Sanchez says she’s not surprised about the species involved. “Magpies are Nuts,” she laughs. “Their nests are very elaborate. We used to call them ‘condos.’”
While the photos included in the study are “somewhat convincing,” Sanchez says that right now, the idea that magpies might be using the spikes functionally is “still kind of anecdotal.”
For one, the behavior has only been documented a handful of times. And two, it would require further experimentation to prove that the magpies recognize the human-made materials as being similar in function to natural materials, such as thorny branches.
At the same time, Sanchez says, “I don’t see why that wouldn’t be a possibility.”
According to Hiemstra, the next step will be to design experiments that can figure out if thorny materials help magpies raise more chicks. Then, they’d want to see if anti-bird spikes produce similar, or maybe even better results.
Do Animals Feel Revenge?
The study comes among two recent examples of wildlife messing with people—an otter stealing surfboards in California and a spate of incidents in which orcas are attacking boats in Europe. These incidents have spurred headlines that wildlife is finally fed up with people.

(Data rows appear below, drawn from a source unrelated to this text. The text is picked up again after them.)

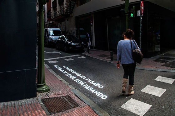Estas intervenciones están pensadas para que las vea el peatón y no llegan a invadir la calzada. El tamaño de la letra se adapta en cada caso al del espacio del paso de cebra.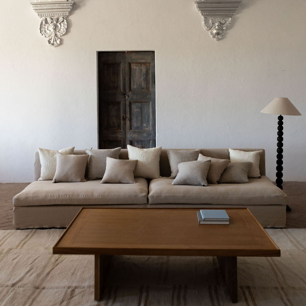 Le canapé est déhoussable. Sa housse est en 100% lin beige, elle a un grammage de 450 gr/m²ce qui lui assure une grande résistance et qualité.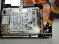Remove the final two screws (shown) and slide out the hard drive.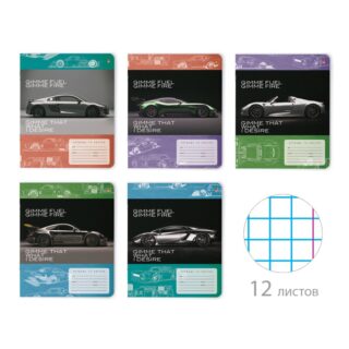 Тетрадь 12л клетка цвет/обложка Форсаж (5 видов) мел.бумага, ВДЛ Альт 7-12-474/1 белизна 100%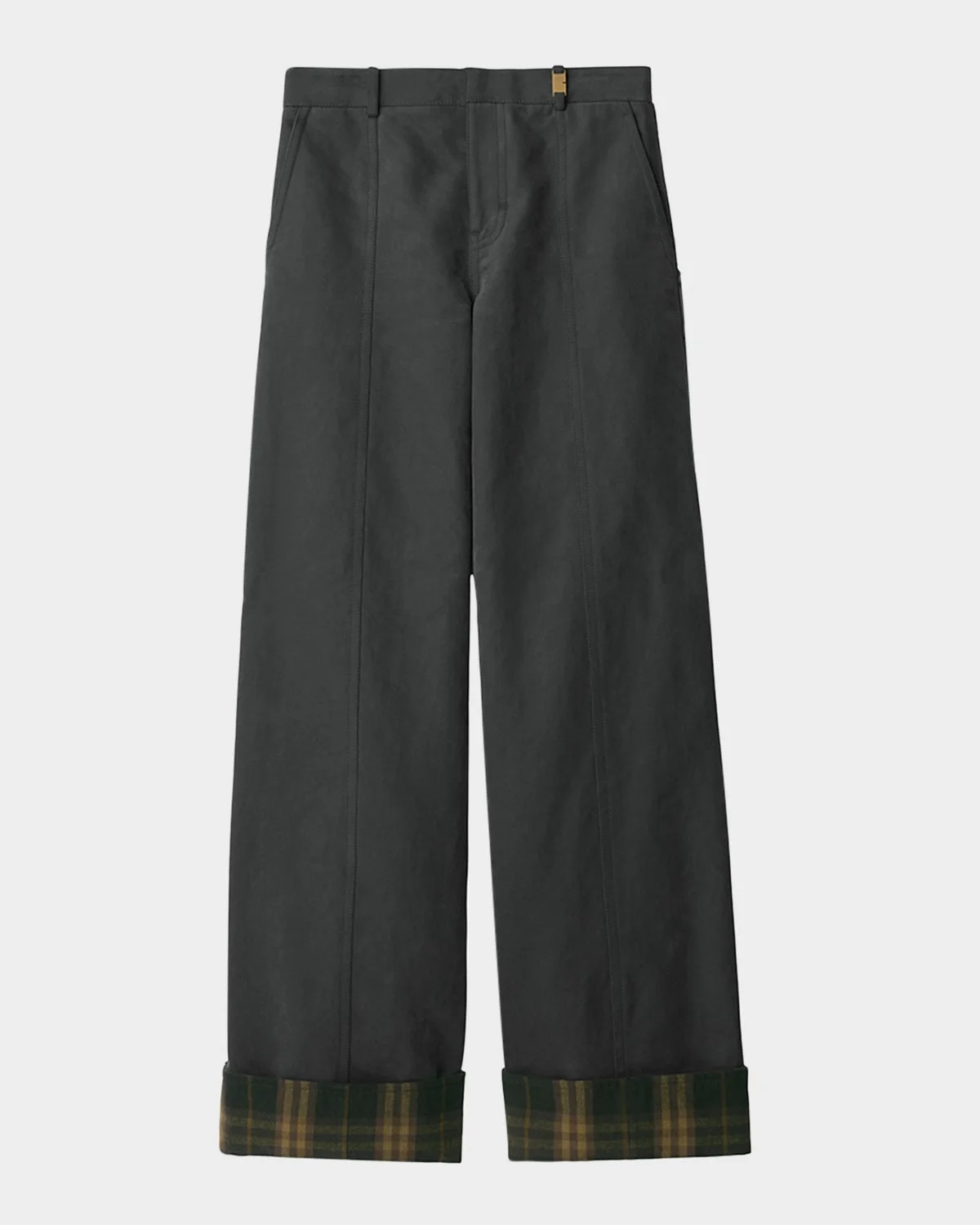 Burberry trousers featuring logo belt loop detail, center seams, and a rolled cuff with a signature check motif Mid rise sits high on hip Angled side slip pockets; back patch pockets Wide legs Full length Hook/zip fly; belt loops Wool/cupro Made in Italy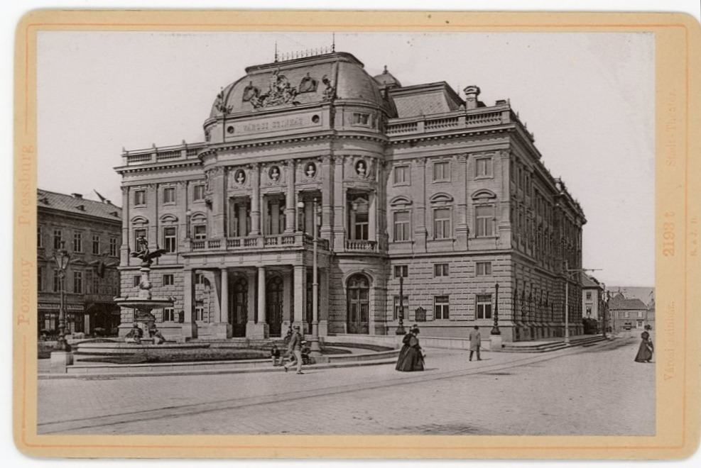 Fotografia zachytáva čelný pohľad na Városi színház (Mestské divadlo), teda dnešnú Historickú budovu Slovenského národného divadla. Priestranstvo, na ktorom stojí táto krásna eklektická budova, bolo v minulosti vodnou priekopou. V severnej časti námestia prebiehala až do 80. rokov 18. storočia južná línia mestského opevnenia. Keď pominula osmanská hrozba sa v dôsledku rozrastania mesta začali búrať už nepotrebné hradby, zasypávať a vyrovnávať priekopu a stavať nové budovy. Šírka priekopy mala úctyhodných 40 metrov a začínala pri vyústení Hviezdoslavovho námestia do Rybného námestia a končila pri Štúrovej ulici. Ako jediná časť priekopy, ktorá obkolesovala mesto a hradby, bola naplnená vodou, dokonca sa v niektorých jej častiach chovali ryby. V minulosti cez námestie pretekalo aj jedno z mnohých ramien Dunaja, ktoré bolo v miestach pred divadlom premostené dreveným mostíkom. V roku 1781 sa vedenie mesta rozhodlo priekopu zasypať paralelne s búraním hradieb na príkaz Márie Terézie a vysadiť štyri rady stromov. Kvôli nekvalitnej navážke boli vysadené odolné agáty. Napriek tomu sa v novom parku počas silnejších dažďov vytvárali mláky. Honosnejšia úprava námestia sa začala až v roku 1911, keď bol celý park obohnaný kovaným plôtikom, pribudli lavičky, prútené ochranné koše okolo stromov, krásny secesný meteorologický pavilón, ako aj vtáčia fontánku z roku 1915, ktorú darovala firma Stollwerck. V roku 1887 bol pred divadlom odhalený pomník hudobníkovi Johanovi Nepomukovi Hummelovi, avšak už v roku 1911 ho vystriedalo Petöfiho súsošie. Čo sa týka samotného divadla, tak jeho predchodcom bol taktiež kultúrny stánok, išlo o Csákyho divadlo postavené v roku 1776 pred zbúranou Rybárskou bránou, ktorej časti boli sekundárne použité pri výstavbe divadla. V 80. rokoch 19. storočia už divadlo nevyhovovalo vtedajším protipožiarnym predpisom, tak sa následne pristúpilo k jeho demolácii.

Of course, scientists can’t say—yet—whether an animal actually feels revenge, Hiemstra says.
“If the birds themselves understand the irony of the whole situation, that is of course, impossible to say. But corvids do understand a lot, are real problem solvers, recognize themselves in mirrors, [and] understand tool use,” he says.
And it’s indisputable that wildlife have figured out how to live among us, especially in cities.
“It’s really sad that we’re fighting our urban wildlife so actively,” says Hiemstra, “while actually, it’s quite beautiful that these animals are living in cities, just like us.”
“So I would really like the people to embrace that urban wildlife, instead of fighting it with bird spikes.”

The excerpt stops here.